▸ **What the exercise asks**:
Repeat the listing verbatim. Drop any pictures.

▸ **Study material**:
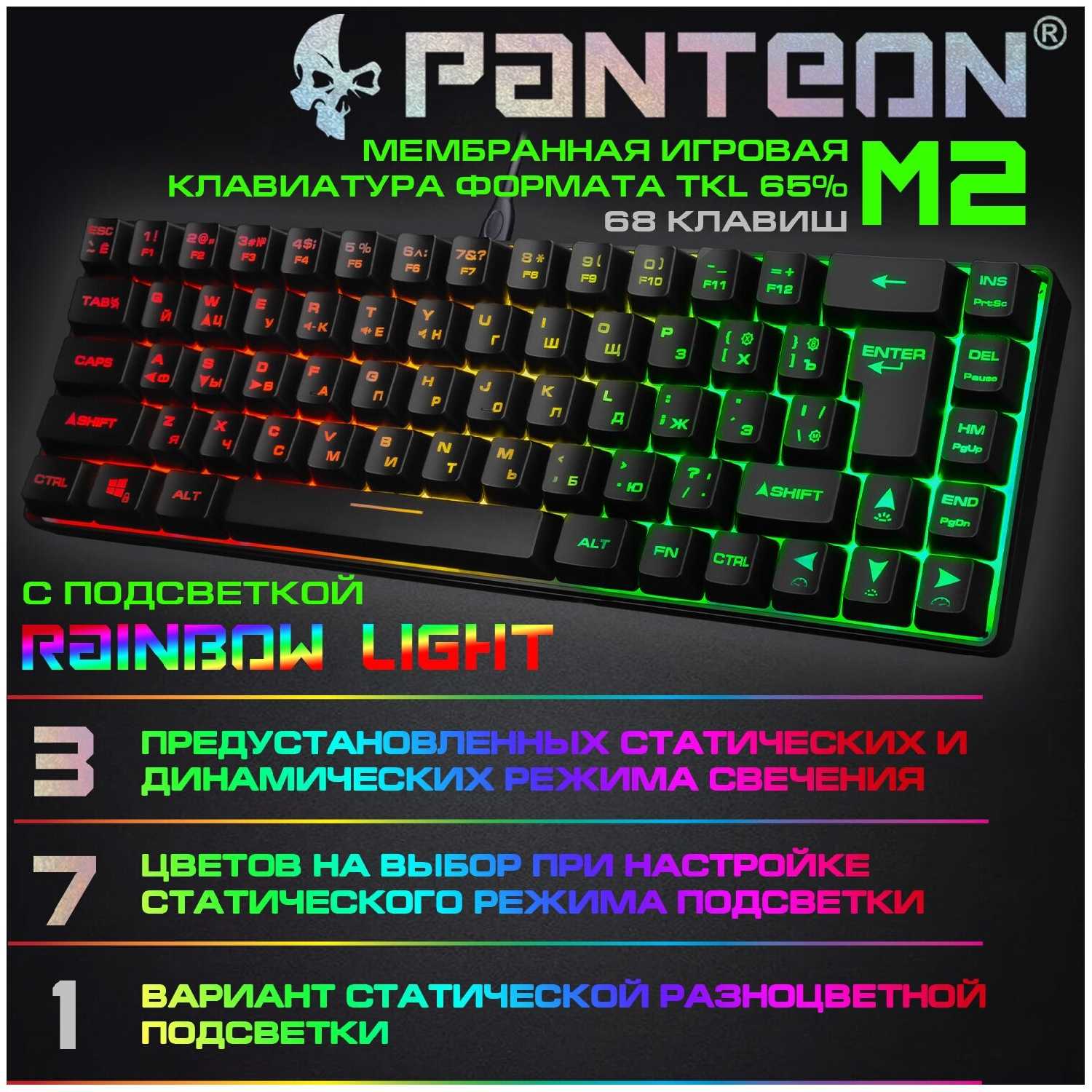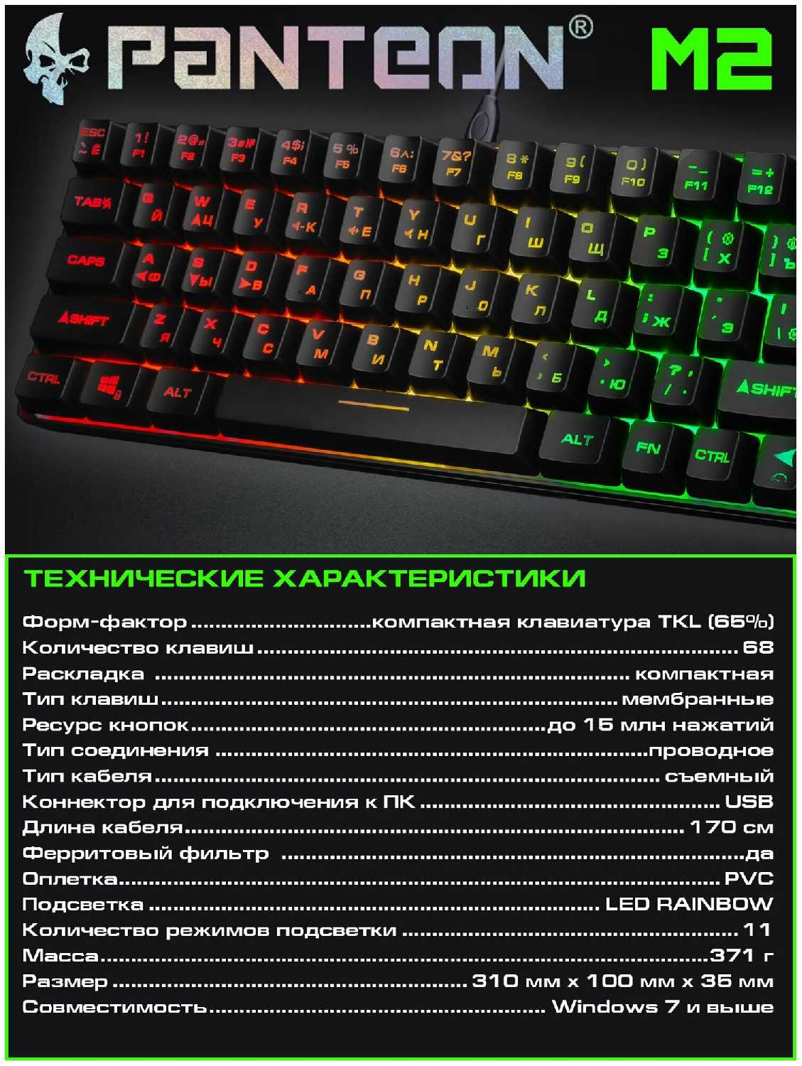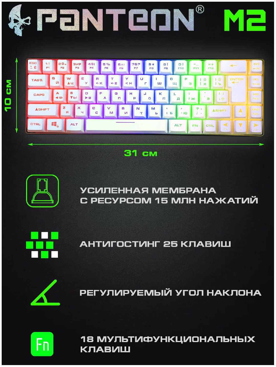 - Мембранные переключатели обеспечивают мягкое нажатие с низким уровнем шума (кроме пробела и Enter).
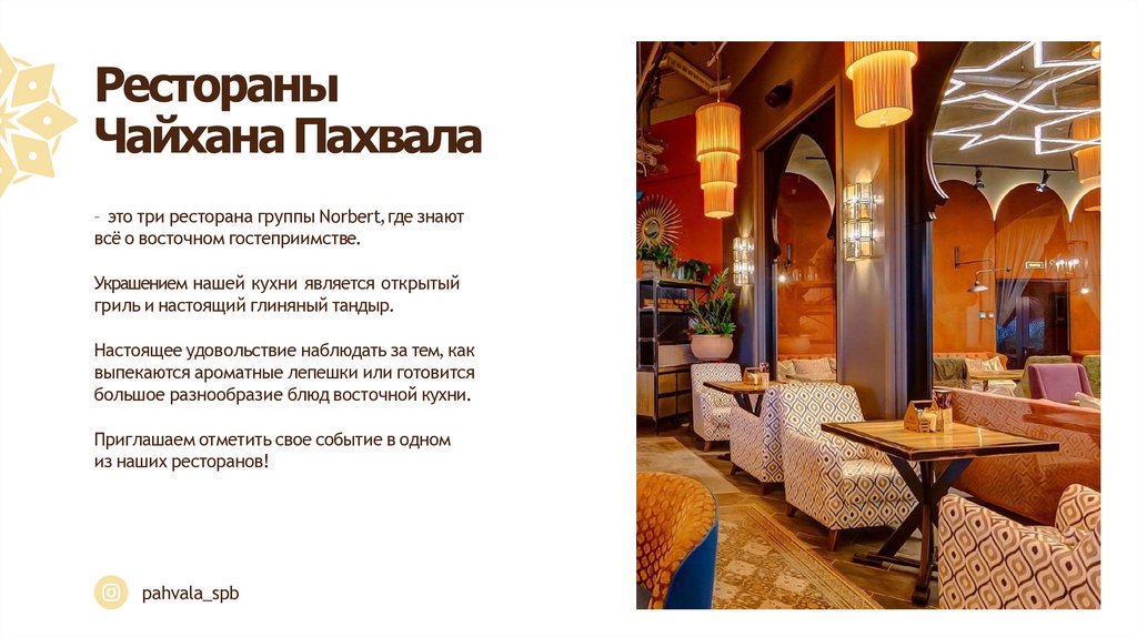 Деловые и частные мероприятия в ресторанах Чайхана Пахвала
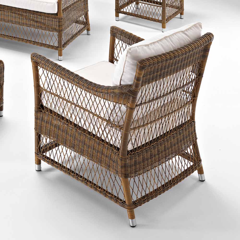 Styl vyplétání je rafinovaný a jemný a spolu s velmi vysokou kvalitou materiálů a jeho rozhodnými tvary činí toto křeslo ideálním pro vybavení interiérů a exteriérů, a to jak soukromých, tak smluvních prostředí, jako jsou terasy, verandy, zahrady, ale také najdou perfektní umístění u bazénu.
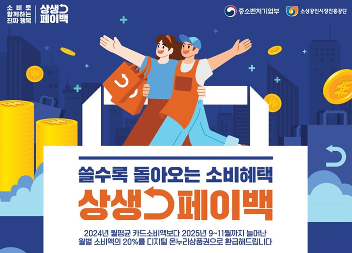 참여 신청은 오는 11월 30일까지 상생페이백 전용 누리집에서 가능하며, 온라인 신청이 어려운 경우 전통시장 상인회, 소상공인지원센터, 은행 창구를 통해 도움을 받을 수 있다. 신청은 한 번만 하면 3개월(9~11월)간 소비 증가분이 자동 반영돼 순차적으로 지급된다.
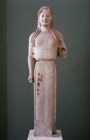 | 3 locks on each side, Archaic smile, Residual paint buried to hide from persians, women were always clothes archaic statuary, votive statue of a goddess once held identifying attribute in missing left hand. | Peplos Kore, From the Acropolis, Athens, Greece, ca. 530 BCE, Archaic |
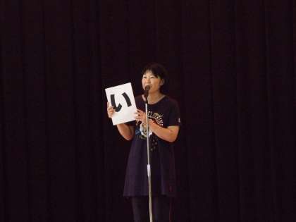 元気よい校歌に続き、校長先生からの話です。話の最後に、全校児童で高田敏子さんの「わすれもの」という詩の朗読をしました。この詩は夏休みの思い出を大切にして、清新な気持ちで2学期を迎えようとする気持ちを表現した内容です。1年、2年の低学年児童にとっては少し難しかったと思いますが、全校児童が気持ちを一つにして取り組むことができました。
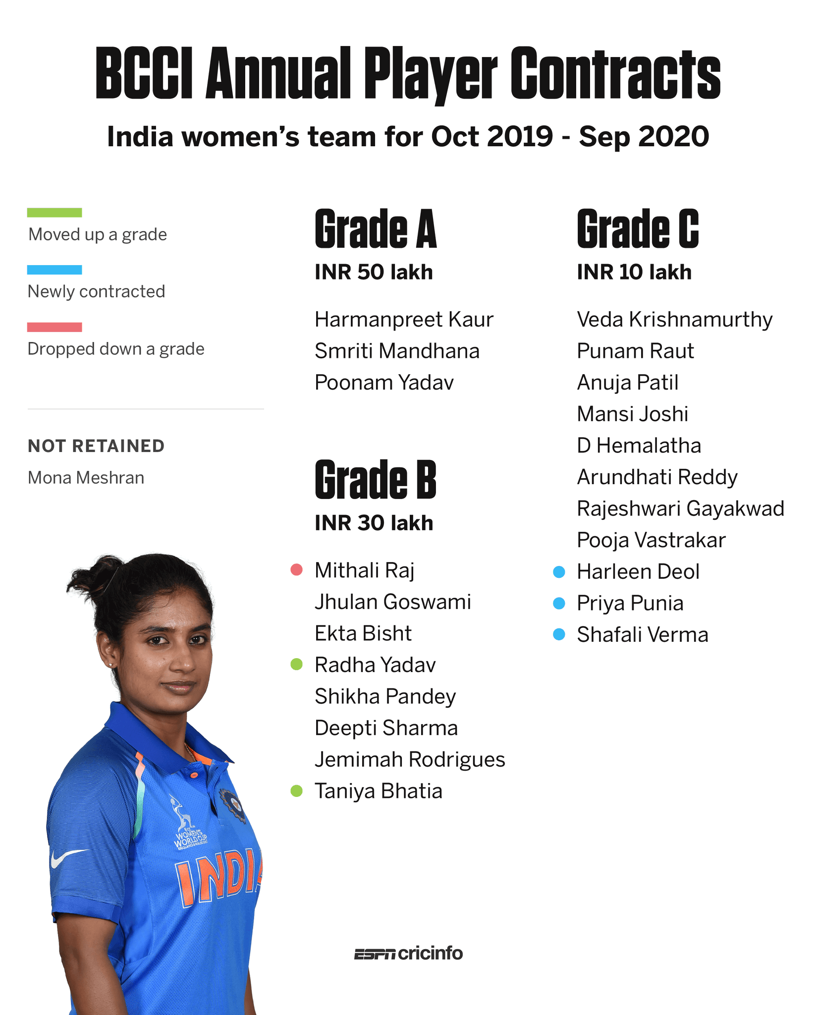 Espncricinfo No Twitter A Grade Drop For Mithali Raj While 15 Year Old Shafali Verma Is Among Those Newly Contracted Https T Co B9knw24hvg Https T Co Vyyr5fswtg

▸ **Task result**:
 - Мембранные переключатели обеспечивают мягкое нажатие с низким уровнем шума (кроме пробела и Enter).
 Деловые и частные мероприятия в ресторанах Чайхана Пахвала
 Styl vyplétání je rafinovaný a jemný a spolu s velmi vysokou kvalitou materiálů a jeho rozhodnými tvary činí toto křeslo ideálním pro vybavení interiérů a exteriérů, a to jak soukromých, tak smluvních prostředí, jako jsou terasy, verandy, zahrady, ale také najdou perfektní umístění u bazénu.
 참여 신청은 오는 11월 30일까지 상생페이백 전용 누리집에서 가능하며, 온라인 신청이 어려운 경우 전통시장 상인회, 소상공인지원센터, 은행 창구를 통해 도움을 받을 수 있다. 신청은 한 번만 하면 3개월(9~11월)간 소비 증가분이 자동 반영돼 순차적으로 지급된다.
 | 3 locks on each side, Archaic smile, Residual paint buried to hide from persians, women were always clothes archaic statuary, votive statue of a goddess once held identifying attribute in missing left hand. | Peplos Kore, From the Acropolis, Athens, Greece, ca. 530 BCE, Archaic |
 元気よい校歌に続き、校長先生からの話です。話の最後に、全校児童で高田敏子さんの「わすれもの」という詩の朗読をしました。この詩は夏休みの思い出を大切にして、清新な気持ちで2学期を迎えようとする気持ちを表現した内容です。1年、2年の低学年児童にとっては少し難しかったと思いますが、全校児童が気持ちを一つにして取り組むことができました。
 Espncricinfo No Twitter A Grade Drop For Mithali Raj While 15 Year Old Shafali Verma Is Among Those Newly Contracted Https T Co B9knw24hvg Https T Co Vyyr5fswtg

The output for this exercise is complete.